A rigorous proof that a stack implemented with doubling arrays has constant amortized time operations; written up here since it does not seem to appear in any of the standard algorithms books.

A well-known, fundamental data structure is the implementation of a stack using resizing arrays (a.k.a. doubling arrays), where we maintain an array of $C$ items for the $n$ elements of a stack, and whenever the array becomes full, we double its size, and whenever the array becomes less that one quarter full, we halve its size. This maintains the invariant that $\frac14 C \le n \le C$.

A folklore analysis shows that this achieves constant amortized cost for all stack operations, despite the occasional expensive resizing operations.

This analysis is not a particularly hard or surprising proof by any means, but it makes a great first nontrivial example of amortized analysis, and hence I wanted to show it in my Efficient Algorithms (COMP526) lectures; see Unit 2 – Fundamental Data Structures for the full context.

The goal is to show that while any individual push/pop in a resizing-array based stack might be expensive ($\Omega(n)$ cost), any sequence of operations is necessarily much cheaper, namely $O(1)$ time per operation on average. As the dominant operation, we count array accesses, i.e., any read or write access to an array.

Part 1: Amortized costs for all operations

Basically, each operation has two types of costs for the amortized analysis: actual costs (# array accesses) and a change in potential/credits. We define the potential $\Phi = \min\lbrace n-\frac14C,\;C-n\rbrace$, and the amortized cost $a_i$ of an operation is the actual cost plus $-4$ times the change in potential. We have to analyze both costs separately.

Actual costs:

  • cheap push/pop: exactly 1 array access to write/read the topmost element.
  • copying push: currently there are $n$ elements on the stack, these have to be read from the old array ($n$ accesses) and written to the new array ($n$ accesses); also one more element has to be added (like in cheap push). In total that is $2n+1$ actual cost.

  • copying pop: actually exactly the same: there are $n$ elements on the stack, these have to be read from the old array ($n$ accesses) and written to the new array ($n$ accesses); also one element has to be read to be returned. In total that is $2n+1$ actual cost.

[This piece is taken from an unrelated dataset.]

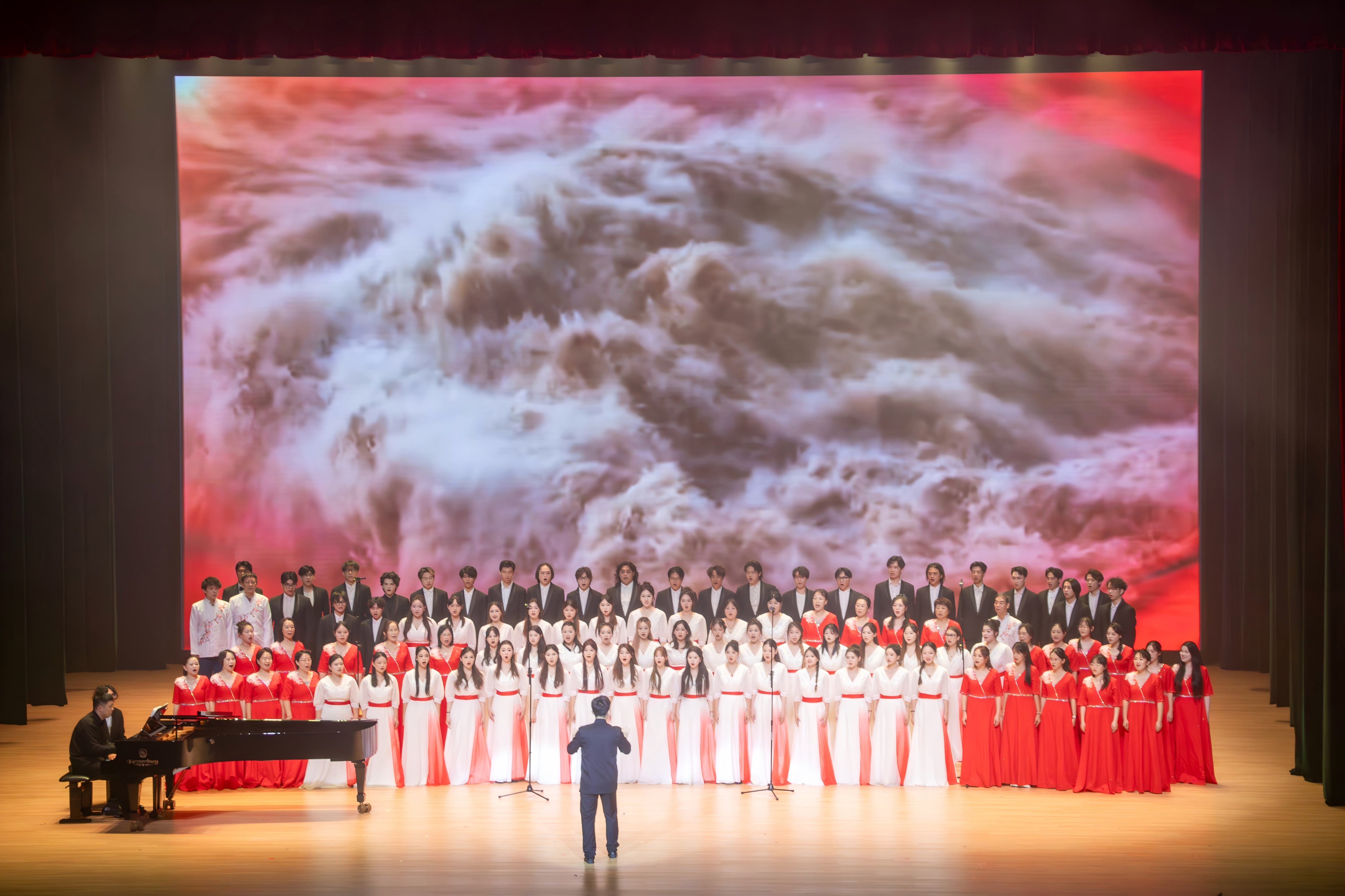 随着《保卫黄河》的最后一个重音落下,旋律无缝切换至这首由著名歌唱家郭兰英领唱的经典之作《我的祖国》,卢芷莹、宣守慧两位老师演绎,立刻将全场师生们带到了美好祖国的山水之中。她们的声线清亮而深情,从“一条大河波浪宽”的悠扬婉转,到“风吹稻花香两岸”的温柔眷恋,瞬间将氛围从历史的激昂转为对故土的深情。陆定坤老师的钢琴伴奏如流水潺潺,黄俊凯老师的指挥手势也从刚劲转为舒展,三大合唱团声音雄壮、和声饱满、激情澎湃,将“这是英雄的祖国”的自豪感演唱得淋漓尽致。

    (One could avoid this very last extra read by not copying the element that we pop right after anyways; but typical implementations do not do this for convenience. It would clearly not save much either way.)

Credits / Potential change

The credits is the change in potential $\Phi = \min\lbrace n-\frac14C,\;C-n\rbrace$.

  • cheap push: $n$ gets one bigger, but $C$ is unchanged. If $C-n < n-\frac14 C$, then $\Phi$ drops by one (“we lose one credit”).
  • cheap pop: $n$ gets one smaller, but $C$ is unchanged. If $n-\frac14 C<C-n$, then $\Phi$ drops by one (“we lose one credit”).
  • copying push: We must have had $n=C$ (i.e. $\Phi_{i-1}=0$) before this push, and we will now set $C=2n$ before the push. Then, the push increments $n$. That means the new potential $\Phi_i=(n+1)-\frac14\cdot2n=\frac12n+1$. We have earned $\frac12n+1$ credits.
  • copying pop: We must have had $n=\frac14C$ (i.e. $\Phi_{i-1}=0$) before this push, and we will now make $C=2n$ before the pop; the pop itself then decrements $n$. So $\Phi_i=(n-1)-\frac14\cdot 2n = \frac12n-1$, and we have earned $\frac12n-1$ credits.

Adding up

Adding up actual cost and $-4(\Phi_i-\Phi_{i-1})$ shows that in each case the amortized costs are at most 5.

Part 2: From amortized to total actual costs

The second part is indeed the same for all amortized analyses: The total actual cost over a sequence of $m$ operations is essentially bounded by the sum of their amortized costs, plus initial/final potential; this is shown using a telescoping-sum argument:

\[5m \ge \sum_{i=1}^m a_i = \sum_{i=1}^m c_i - 4 \underbrace{\sum_{i=1}^m(\Phi_i - \Phi_{i-1})}_{=\Phi_m - \Phi_0}\]

Rearranging gives

\[\sum_{i=1}^m c_i \le 5m + 4\Phi_m-4\Phi_0\]

Now, we can also show using the invariant $\frac14 C \le n \le n$, i.e., $n\le C \le 4n$, that $0\le \Phi\le \frac35n$: Since $\Phi$ is piecewise linear, it suffices to consider the endpoints of the linear segments, i.e., $C = 4n$, $C = n$ and $n-\frac14 C = C-n$, i.e., $C = \frac85 n$; at these points $\Phi$ has values $0$, $0$, and $\frac35 n$, respectively.

Hence $\displaystyle\sum_{i=1}^m c_i \le 4\Phi_m -4\Phi_0 \le 5m + 2.4n \in \Theta(m+n)$.